Six people, some of them CPS coaches, spoke warmly of the proposal, but others called it out as highly inappropriate to make sports the major focus of a school in a predominantly black community, where often kids feel like their only avenue to success is as a professional athlete or entertainer.

An arts-based contract school proposed by Little Black Pearl, the Kenwood-based arts center, faced less criticism, but also less support.

Two teachers and one graduating student from the art center’s current alternative high school spoke enthusiastically about the benefits of an arts-based curriculum, but the presentation was short on details of what that would look like at Dyett.

Nearly half of the presentation was dedicated to Architect Matthew Kupritz of K2 Studio’s vision to remodel the school with a theater that opened out onto one of two courtyards and an elevated walkway linking buildings.

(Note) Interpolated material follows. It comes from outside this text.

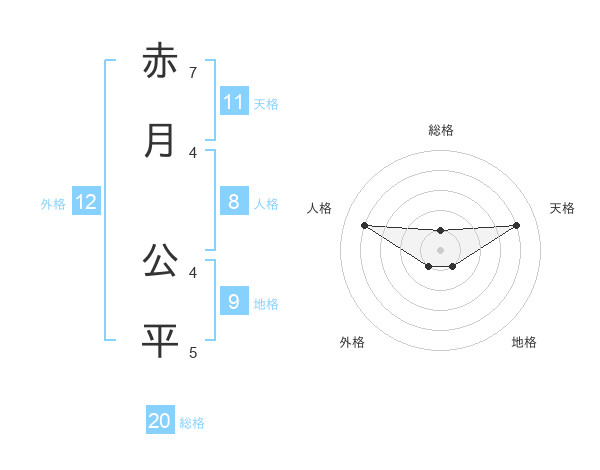 赤月 公平さんの天格は11画の4点!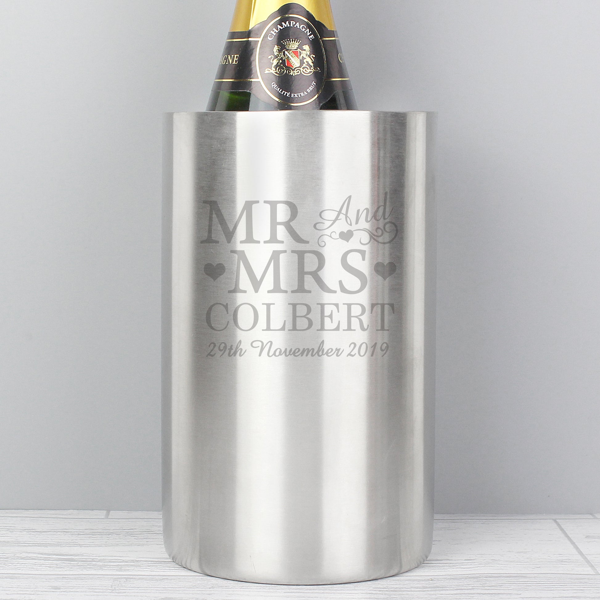 Personalise this Mr & Mrs Stainless Steel Wine Cooler with a surname up to 15 characters and date up to 20 characters.

The two main criticisms of the Little Black Pearl proposal were that it did too little to incorporate the legacy of the existing school, which is named for Captain Walter H. Dyett, a legendary music teacher in the neighborhood, and had failed to solicit community input beyond the art center’s existing supporters.

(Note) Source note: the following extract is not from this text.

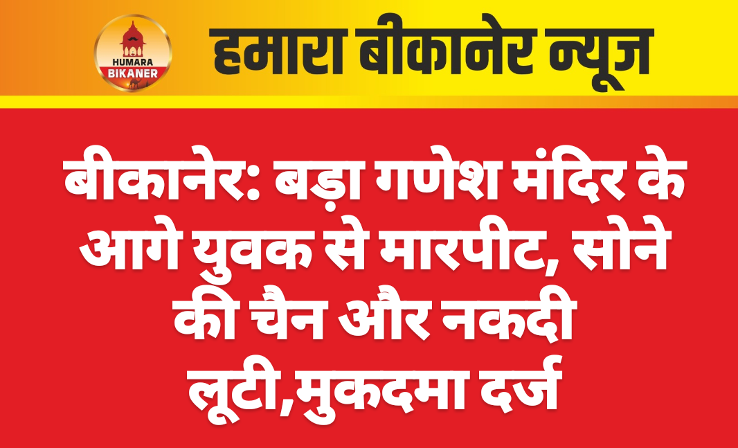 बीकानेर।बड़ा गणेश जी मंदिर के आगे युवक के साथ मारपीट करने का मामला सामने आया है। इस सम्बंध में नयाशहर पुलिस थाने में ईदगाह बारी के अंदर रहने वाले देवकिशन उपाध्याय ने मुकेश पुरोहित, शुभम पुरोहित व तीन अन्य के खिलाफ मुकदमा दर्ज करवाया है। घटना नत्थुसर गेट के बाहर बड़ा गणेश जी मंदिर के आगे 5 जनवरी की शाम की है।इस सम्बंध में परिवादी ने बताया कि वह अपने दोस्त राहुल के साथ बाइक पर जा रहा था। इस दौरान बड़ा गणेश जी मंदिर के आगे आरोपियों ने उसकी बाइक को रोका और उसके साथ थाप-मुक्कों से मारपीट की। परिवादी ने बताया कि आरोपियों ने उसके साथ मारपीट कर गले में पहनी सोने की चैन, जेब से 8-10 हजार रूपए छीन लिए। पुलिस ने प्रार्थी की रिपोर्ट के आधार पर मुकदमा दर्ज कर जांच शुरू कर दी है।

“One of the requirements of these proposals was interaction with the community, and only one came to my desk, and that was the Coalition to Revitalize Dyett,” said LaKeisha Hamilton, chairwoman of the Hyde Park Community Action Council, a CPS-sanctioned group that’s supposed to be consulted on planned changes to neighborhood schools.

The Hyde Park council has endorsed the coalition’s plan. The Bronzeville Community Action Council has also reviewed the coalition’s proposal, but has not endorsed it.

The next chance for the public to weigh-in on the three proposals comes on Aug. 10 at the CPS Loop office, 42 W. Madison St.